The joint density for the $X_1, ..., X_n$ is:

\begin{align} f_\theta(x_1, ..., x_ n ) &= \prod_{i=1}^{n}\frac{1}{\theta}\mathbb{1}(\theta \leq x_i\leq 2\theta )\\ &= \frac{1}{\theta^n}\mathbb{1}(\underset{i}{min} \; x_i\geq\theta, \underset{i}{max} \; x_i\leq 2\theta ) \end{align}

Hence, $T = (T_1, T_2) = (\underset{i}{min} \; X_i,\: \underset{i}{max} \; X_i)$ is a joint sufficient statistics for $\theta$.

My questions are:

1. Can I interpret this as: "We need two statistics, $\underset{i}{min} \; X_i$ and $\underset{i}{max} \; X_i$, to provide full information about the value of the parameter $\theta$ given the data $X_1, ..., X_n$".

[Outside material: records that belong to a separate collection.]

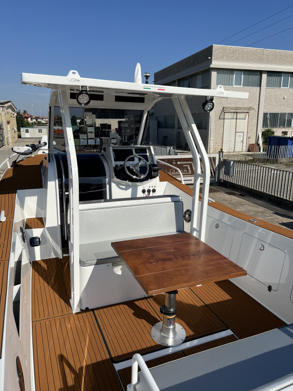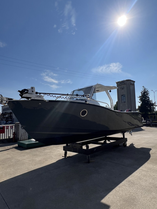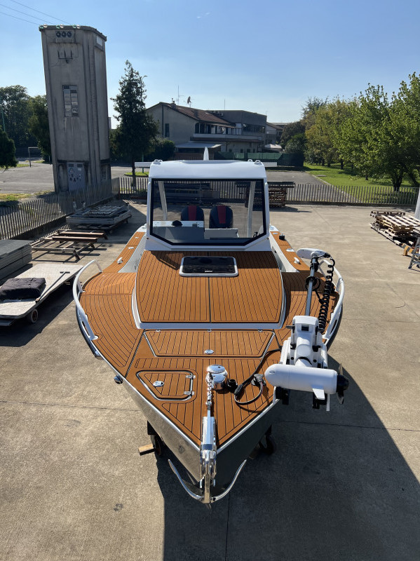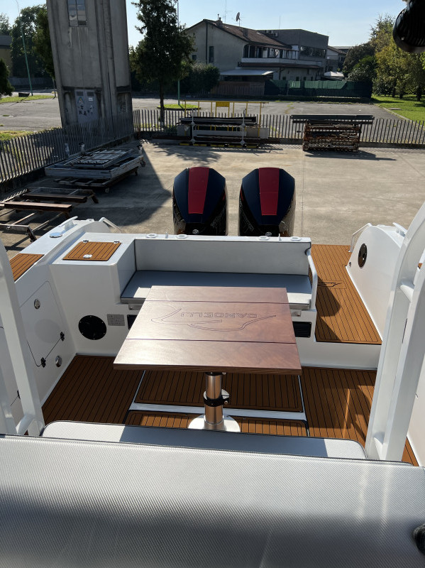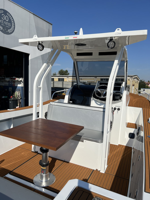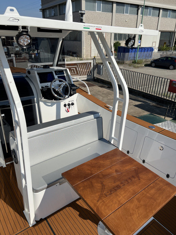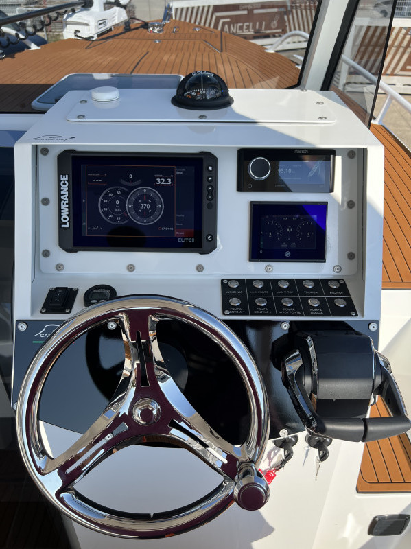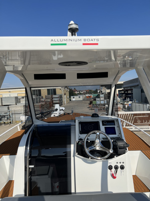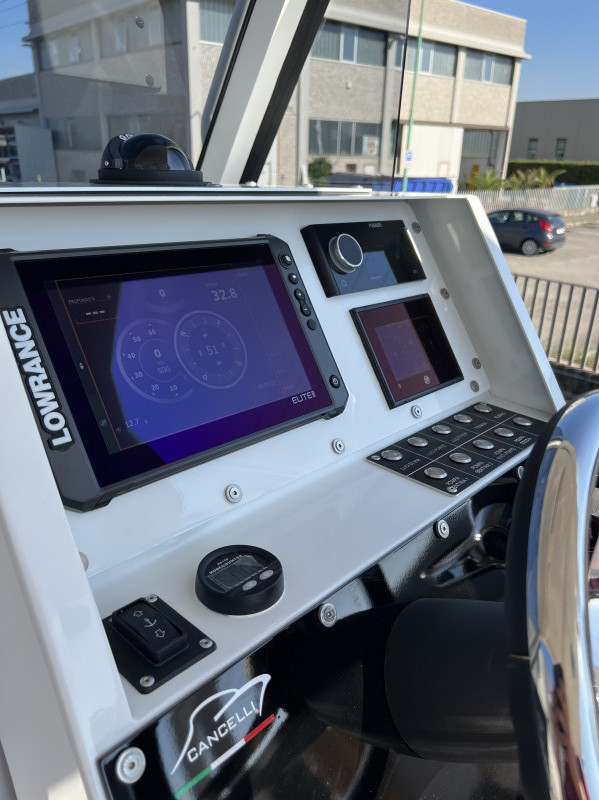 La carena è ultima evoluzione delle opere vive già collaudate con successo sugli altri scafi Akesdesign e conosciute per le doti marine: planata a bassissimo regime, scorrevolezza , morbidezza di impatto in condizioni di mare mosso e navigazione asciutta; tutte queste caratteristiche unite a un peso contenuto rendono il Cancelli 27 in grado di regalare prestazioni entusiasmanti con potenze non necessariamente notevoli, a tutto vantaggio dei consumi . Peso contenuto e scorrevolezza , obiettivi ricercati nel progetto della barca, si riflettono anche nei consumi che sono sensibilmente inferiori a quelli di una barca classica parimisura. Una carena stabile sia trasversalmente che longitudinalmente, oltrechè asciutta, consente di poter rientrare in qualsiasi condizione meteo. Ma la sicurezza è anche passiva: nonostante sia veramente difficile scalfire la spessa opera viva del Cancelli 27, poichè l' alluminio è materiale principe nella resistenza all' abrasione, il progetto dello scafo ha previsto delle possibili compartimentazioni in maniera stagna e oltre a ciò delle riserve di galleggiamento in materiale espanso , in modo da rimanere a galla anche se perforato. Oltre a doti marine e robustezza degne di questo nome, il progetto della barca è stato sviluppato con particolare attenzione al comfort di bordo e ergonomia di coperta. Niente spazi angusti, nessuna zona sprecata: due grandi plancette rendono piacevole trascorrere i momenti di sole sdraiati comodamente a poppa con i piedi ammollo, un passaggio laterale da oltre 60 cm di larghezza rende immediato l' accesso al pozzetto; la zona pranzo (e cena) è comodissima grazie ai divani contrapposti al centro dei quali si arma velocemente un tavolo di generose dimensioni che può fare anche da prolunga prendisole di poppa; il divano di poppa ospita da un lato la vasca del vivo e ha delle maniglie laterali di protezione per la massima sicurezza. Il bolster - seduta di guida centrale , anch' esso contornato tra maniglioni in grado di offrire sempre un solido appiglio, cela un gavone che può contenere il frigo o altre attrezzature e fa da seduta opposta alla marcia per sfruttare la zona pranzo o poggiareni per pilota e copilota. La consolle ha la strumentazione disposta ergonomicamente senza ricadere in grossi difetti purtroppo tipici di tante barche ovvero volante che poggia contro la pancia, troppo basso, o manetta in posizione sbagliata, fermo restando la disposizione degli strumenti di bordo che ne rende la lettura immediata. A prua si accede mediante due comodi gradini e tutta la zona del ponte racchiude la tuga con passo d' uomo sulla quale si possono disporre i cuscini per formare il prendisole di prua, il tutto incorniciato dalle maniglie laterali di sicurezza. La prora termina con lo spazio stagno nel quale trova spazio il verricello elettrico per l' ancora e la catena. Un' altra soluzione affinata e perfezionata è il tettuccio "G-top" realizzato con tubo continuo a girare sul quale è saldata una lamiera che fa , oltre che da riparo, da base per ogni tipo di strumento e luci. Attraverso una porta scorrevole e di larghezza 60 cm si accede all' interno della tuga, che cela una cabina in cui è possibile pernottare comodamente grazie all' ampio letto di lunghezza 210 cm per larghezza max 180 cm con la possibilità di bagno dedicato e lavello. La cabina è ben illuminata di giorno grazie al grande passo d' uomo e di notte grazie all' impianto luci a led a intensità regolabile; la scelta del colore e tipo dei tessuti è personalizzabile.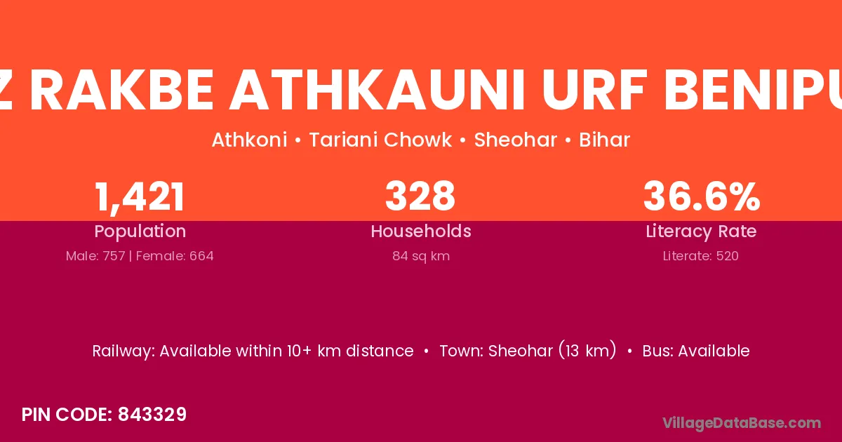 Az Rakbe Athkauni Urf Benipur village has a total population of 1,421 people, of which 757 are males and 664 are females.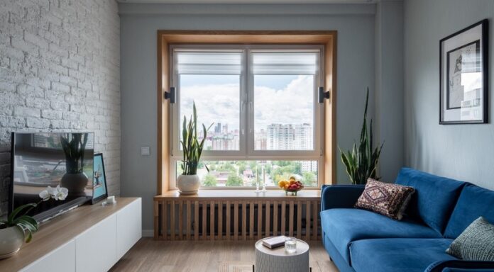 Интерьер в стиле экоминимализм основан на принципах домашнего уюта с легкой ноткой воспоминаний о путешествиях. Он создан для девушки, увлеченной своей работой (которая за годы пандемии перенеслась домой). Идея интерьера идет от двух окон, отороченных дубовыми откосами по периметру. Акцент на окна неслучаен. Квартира находится на 20-м этаже, и из окон открывается прекрасный вид на город, который является одним из главных украшений.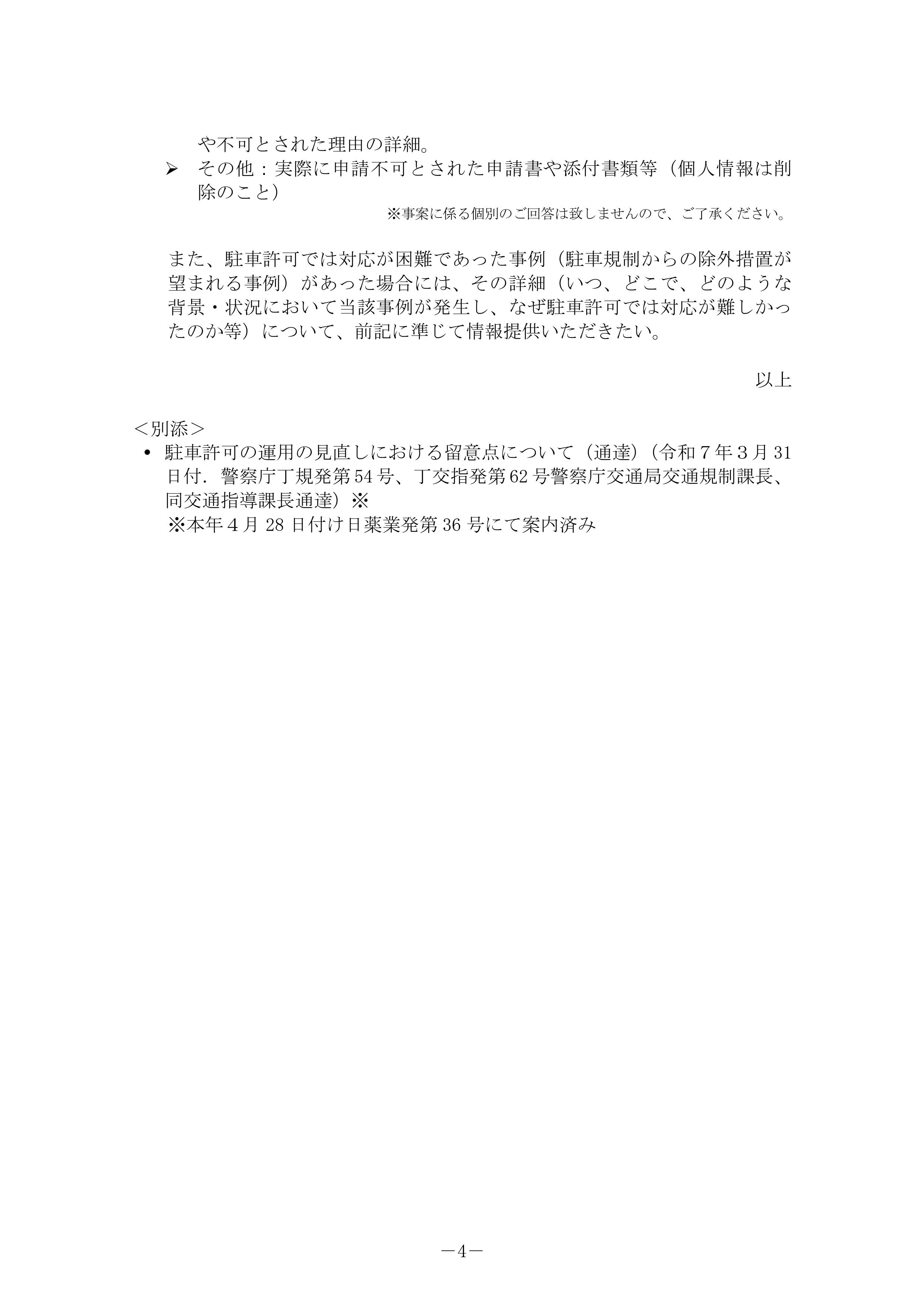 ≫ 駐車許可及び駐車規制からの除外措置の運用の見直しについて

We cannot say that $T_1=\underset{i}{min} \; X_i$ is sufficient, because other statistic can be calculated from the same sample, i.e. $T_2=\underset{i}{max} \; X_i$, so that $T = (T_1, T_2)$ provides additional information about the parameter $\theta$.

2. Why $\widehat{\theta}_{MLE}$ is equal to $\frac{max_i X_i}{2}$?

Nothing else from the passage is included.